== Segment start ==
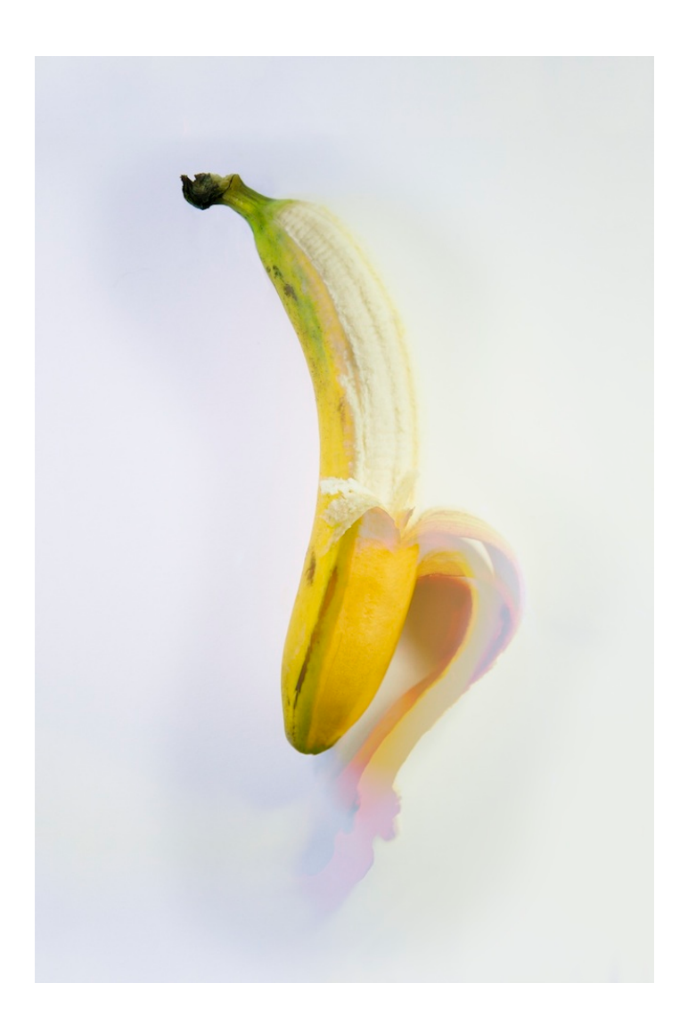
Illustration United Kingdom
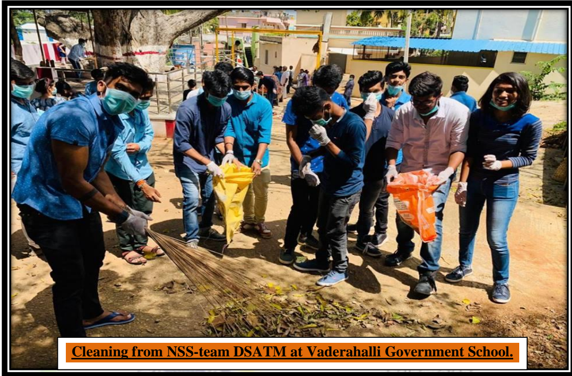
Cleaning from NSS-team DSATM at Vaderahalli Government School.
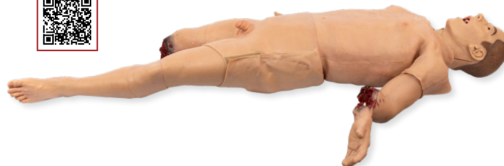
The BASIC TOMManikin® features partial amputation to arm, full amputation to leg ~ both tourniquet-responsive.

Constructed of silicone and welded steel, TOMManikin weighs more than 160 pounds with extremities that can withstand up to 6,000 pounds of pressure, making these rugged remote controlled simulators the ideal choice for confined space, building collapse, care under fire, and entrapment training scenarios. Intervention capabilities on all manikins include tourniquet application, airway management (basic to advanced), needle decompression, chest tube, IV/IO, and wound packing.
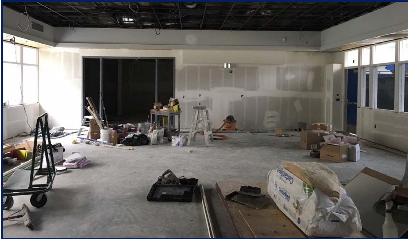
Toyon FIS – Looking West - March
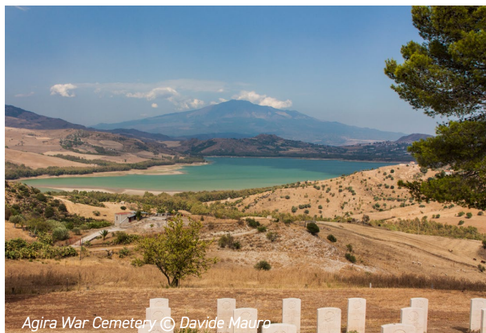
Agira War Cemetery

After a free morning, fly to Rome . Transfer to Cassino (Italy mainland only group will arrive from Rome). Check-in and dinner. (B,D)
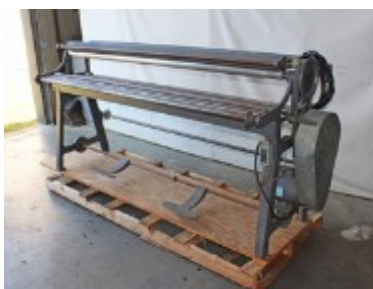
Utica Fabric Rewinder 72" Wide $2,900.00 96" Wide $4,500.00
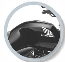
Pearl Igneous Black
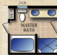
DELUXE MASTER BATH OPTION w/ GARDEN TUB & 36" SHOWER
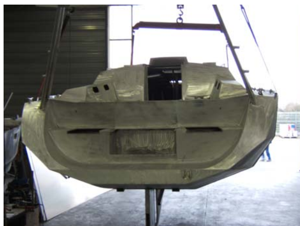
An Ovni 365 at the end of welding

The first of the new 365's hit the water in Les Sables d'Olonne earlier this month. This has been an eagerly awaited event and there is a backlog of people waiting to test this model which promises to more than uphold the good name of the Ovni's. For those quick off the mark, there are a few build slots left for next summer (June/July) so now is the time to make that trip to Les Sables to confirm your order. Just give us a call and we'll arrange a test sail for you. The Southampton 365 is due to be launched at the end of June, giving her new owners time for a leisurely sail back before the show. Make sure you come and see the latest baby. We are also planning to have a 435 to view near to the show.
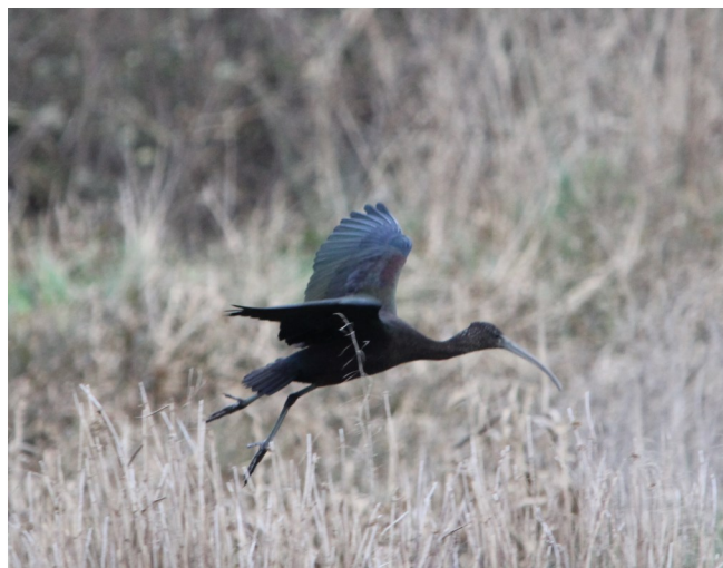
Glossy Ibis taken at the January Bird Watching session

We did meet outside in smaller groups a number of times during the summer, but this is becoming less appealing as the weather changes! I have not totally ruled this out from time to time. I am hoping to initiate a regular sharing of writing via email, possibly once or twice a month.
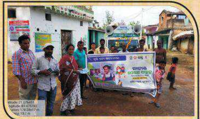
Nutrition Awareness Campaign in different villages of Bijepur block of Bargarh district, Odisha.
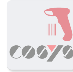
COSYS Cloud Inventory Management

Convince yourself and download the COSYS Cloud APPs without obligation from the Play or Appstore. On request, we will provide you with your own COSYS Cloud container with personal access.
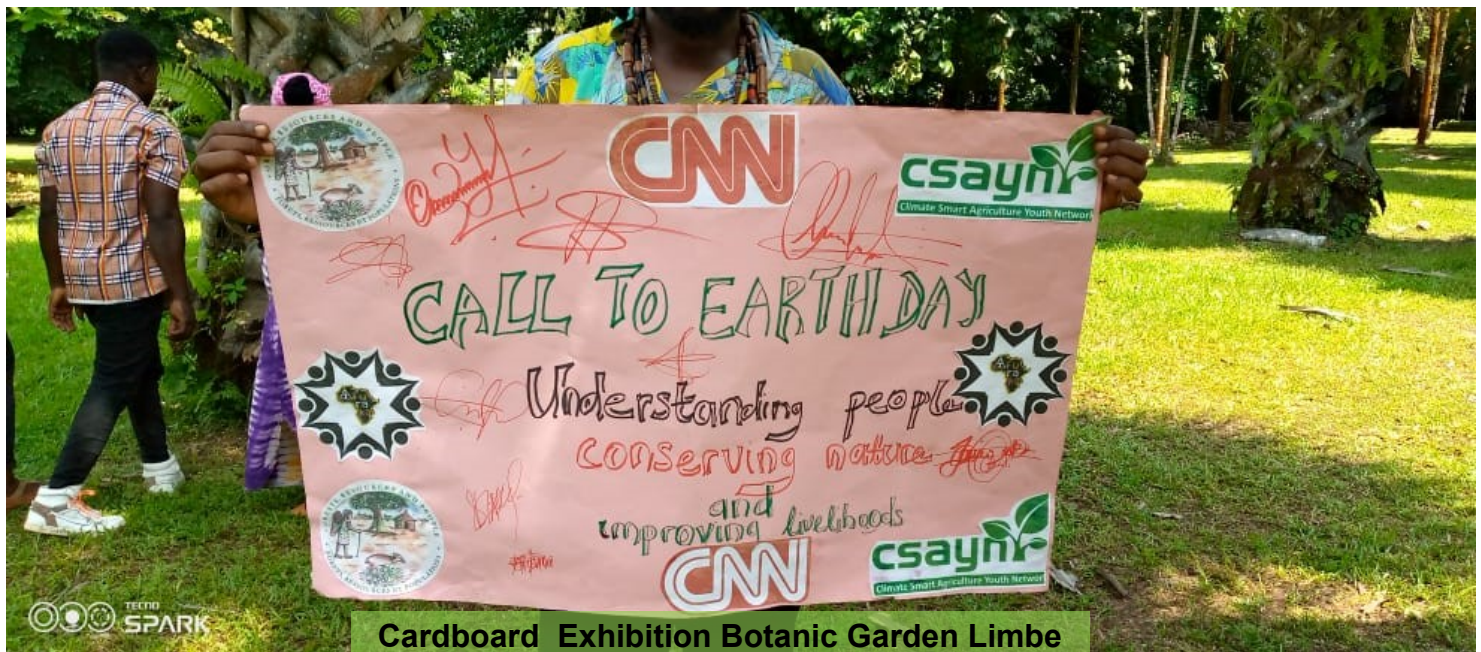
Cardboard Exhibition Botanic Garden Limbe
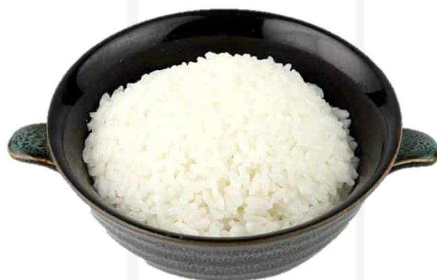
米飯 Steamed Rice 2

價格均以韓元1,000結尾為單位計算，並已包含10%稅費及10%服務費 Prices are in Korean Won at 1,000 value and include 10% tax and 10% service charge
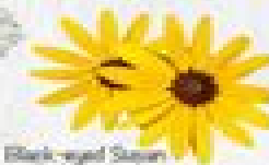
Black-eyed Susan Rudbeckia hirta Blooms: June - October
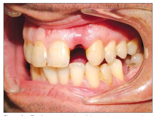
Figure 2a. The fractured portion of the tooth was removed.

the soft tissues in the extra oral and intraoral examination. Clinical and radiographic examination revealed that there was a horizontal fracture in the cervical region of the left maxillary incisor. It was tender to percussion, and there was a temporary restoration of the palatal region of the tooth. Dental history of the patient revealed that an endodontic treatment was started nine months ago, but incompleted because of the patient's anxiety from dentists. The crown was mobile but attached to the gingiva. In radiographic examination, the fracture line was below the cement-enamel junction (Figure 1). There was no evidence of abscess formation. There was no sign of trauma to the adjacent teeth and they were vital. It was explained to the patient that the placement of a dental implant could be indicated if an unfavorable crownto-root ratio would result after completing crown reattachment. The patient expressed the desire to maintain tooth and restore it with a direct resin based composite restoration, due to the lower cost compared to an indirect restoration. A detailed explanation about the treatment plan was given to the patient, which included completion of the endodontic treatment, then reattachment of the tooth crown with using a fiber post. The treatment plan was accepted by the patient.
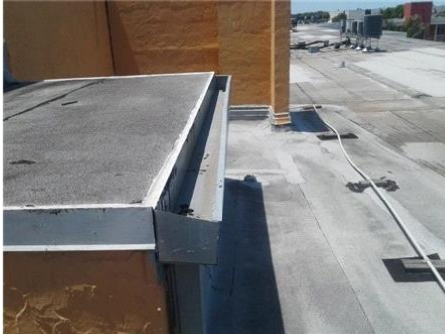
008G- The Towers - BUR Gutters The gutters appear to be in good condition.
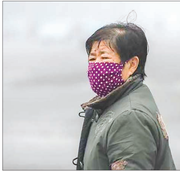
A woman wearing a mask stands by the side of a street amid heavy smog in Tianjin, China, in 2015.

gas emissions should continue to fall in industrialised countries and recent signs of decline in China should continue, but emissions are set to rise in India, southeast Asia and Africa as energy demand growth dwarfs efforts to improve air quality.
== Segment end ==
> The problem
From the records above, extract the lines from the one holding "The BASIC TOMManikin®" through the one holding "Toyon FIS – Looking West - March", word for word; omit the pictures.

> Solution for this problem
The BASIC TOMManikin® features partial amputation to arm, full amputation to leg ~ both tourniquet-responsive.

Constructed of silicone and welded steel, TOMManikin weighs more than 160 pounds with extremities that can withstand up to 6,000 pounds of pressure, making these rugged remote controlled simulators the ideal choice for confined space, building collapse, care under fire, and entrapment training scenarios. Intervention capabilities on all manikins include tourniquet application, airway management (basic to advanced), needle decompression, chest tube, IV/IO, and wound packing.
Toyon FIS – Looking West - March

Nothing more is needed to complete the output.